YOUR TASK |
Only text belongs in your copy of the listing below; reproduce it exactly and leave out the pictures.

THE DATA below:

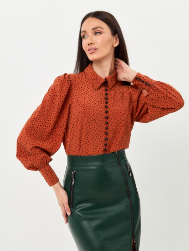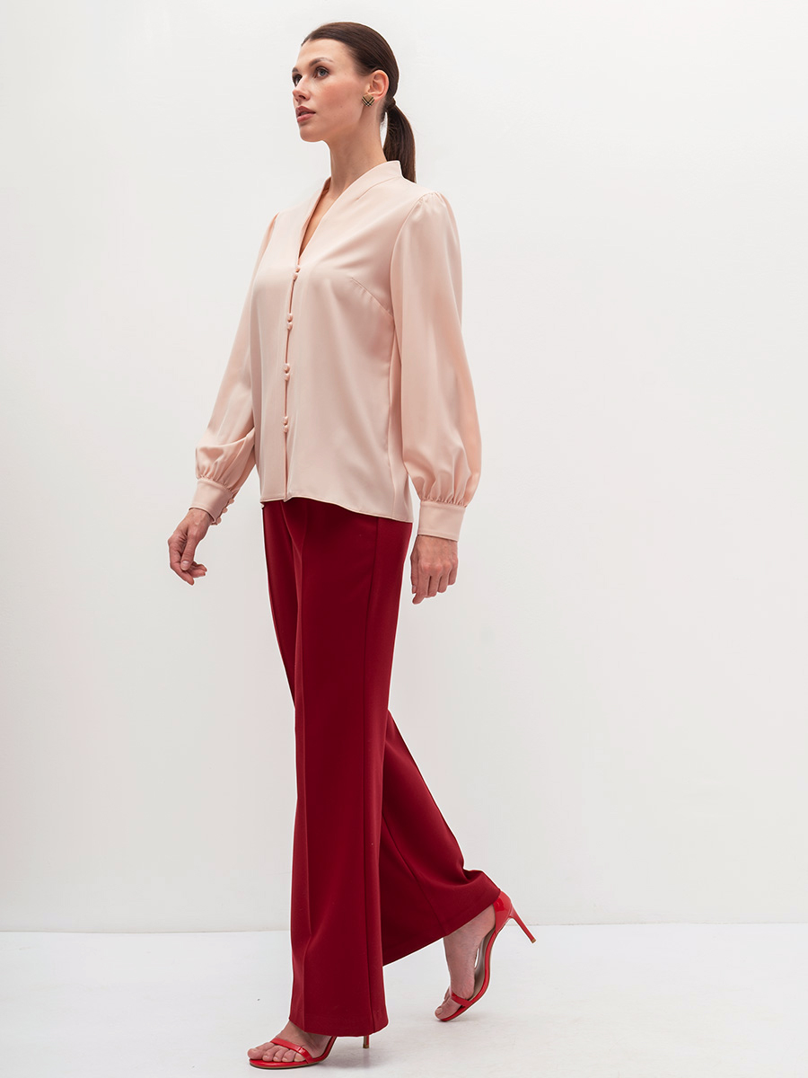 Блузка прямого силуэта. Из однотонной блузочной ткани. Воротник-стойка с V-образным вырезом.Рукав втачной, длинный со сборкой по плечу и по низу, на манжете. Застежка на навесные петли и пуговицы на ножке. Рост модели 170 см. Изделие на модели 42 р-ра. Длина изделия по спинке 63 см.
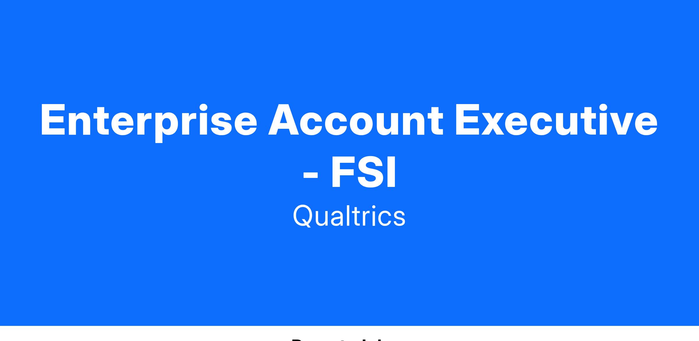 We've grown our Enterprise FSI Sales team to respond to strong client demand for the Qualtrics XM Platform. Our team is a group of highly driven individuals that are intelligent, organized, and dedicated. We work together as a team to accomplish and surpass quarterly and annual objectives. We are a goal-oriented team that works hard and enjoys the incredible trajectory that Qualtrics provides. Our overarching objective is to drive company revenue growth through client success.
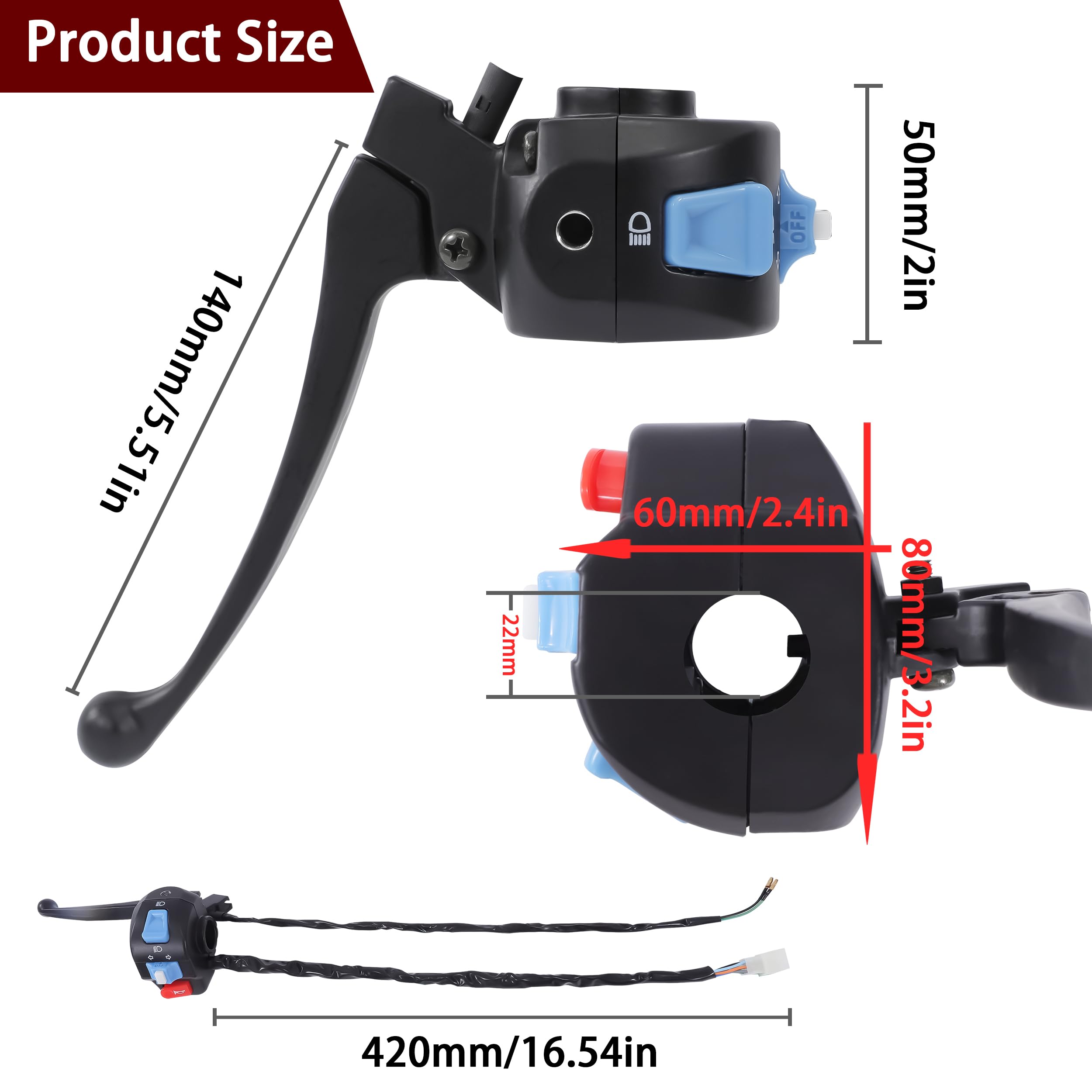 Alles unter Kontrolle - mit diesem praktischen 2-in-1 Lenkerschalter! Der kleine Helfer mit 22mm Griffdurchmesser passt an fast jedes E-Bike, Motorrad oder E-Scooter. Steuere ganz einfach Scheinwerfer und Hupe mit nur einem Schalter - platzsparend und super praktisch. Das 170cm lange Kabel gibt dir genug Spielraum für die Installation. Aus robustem Nylon gefertigt, hält der Schalter auch bei Regen stand. Die interne Doppelschutz-Funktion sorgt für lange Lebensdauer. Einfach montieren und schon geht's los! Perfekt für Mountainbikes, ATVs und alle, die ihr Bike aufrüsten wollen. Der Schalter sitzt sicher am Lenker und verrutscht nicht. So hast du immer die wichtigsten Funktionen griffbereit. Kein langes Suchen mehr - einfach draufdrücken und losfahren! Besonders praktisch für nächtliche Fahrten oder bei schlechter Sicht. Mach dein Bike noch sicherer und komfortabler mit diesem cleveren Schalter. Einfach den alten Schalter ersetzen oder neu installieren - in wenigen Minuten erledigt.

End of THE DATA.

RESPONSE TO THIS EXERCISE |
 Блузка прямого силуэта. Из однотонной блузочной ткани. Воротник-стойка с V-образным вырезом.Рукав втачной, длинный со сборкой по плечу и по низу, на манжете. Застежка на навесные петли и пуговицы на ножке. Рост модели 170 см. Изделие на модели 42 р-ра. Длина изделия по спинке 63 см.
 We've grown our Enterprise FSI Sales team to respond to strong client demand for the Qualtrics XM Platform. Our team is a group of highly driven individuals that are intelligent, organized, and dedicated. We work together as a team to accomplish and surpass quarterly and annual objectives. We are a goal-oriented team that works hard and enjoys the incredible trajectory that Qualtrics provides. Our overarching objective is to drive company revenue growth through client success.
 Alles unter Kontrolle - mit diesem praktischen 2-in-1 Lenkerschalter! Der kleine Helfer mit 22mm Griffdurchmesser passt an fast jedes E-Bike, Motorrad oder E-Scooter. Steuere ganz einfach Scheinwerfer und Hupe mit nur einem Schalter - platzsparend und super praktisch. Das 170cm lange Kabel gibt dir genug Spielraum für die Installation. Aus robustem Nylon gefertigt, hält der Schalter auch bei Regen stand. Die interne Doppelschutz-Funktion sorgt für lange Lebensdauer. Einfach montieren und schon geht's los! Perfekt für Mountainbikes, ATVs und alle, die ihr Bike aufrüsten wollen. Der Schalter sitzt sicher am Lenker und verrutscht nicht. So hast du immer die wichtigsten Funktionen griffbereit. Kein langes Suchen mehr - einfach draufdrücken und losfahren! Besonders praktisch für nächtliche Fahrten oder bei schlechter Sicht. Mach dein Bike noch sicherer und komfortabler mit diesem cleveren Schalter. Einfach den alten Schalter ersetzen oder neu installieren - in wenigen Minuten erledigt.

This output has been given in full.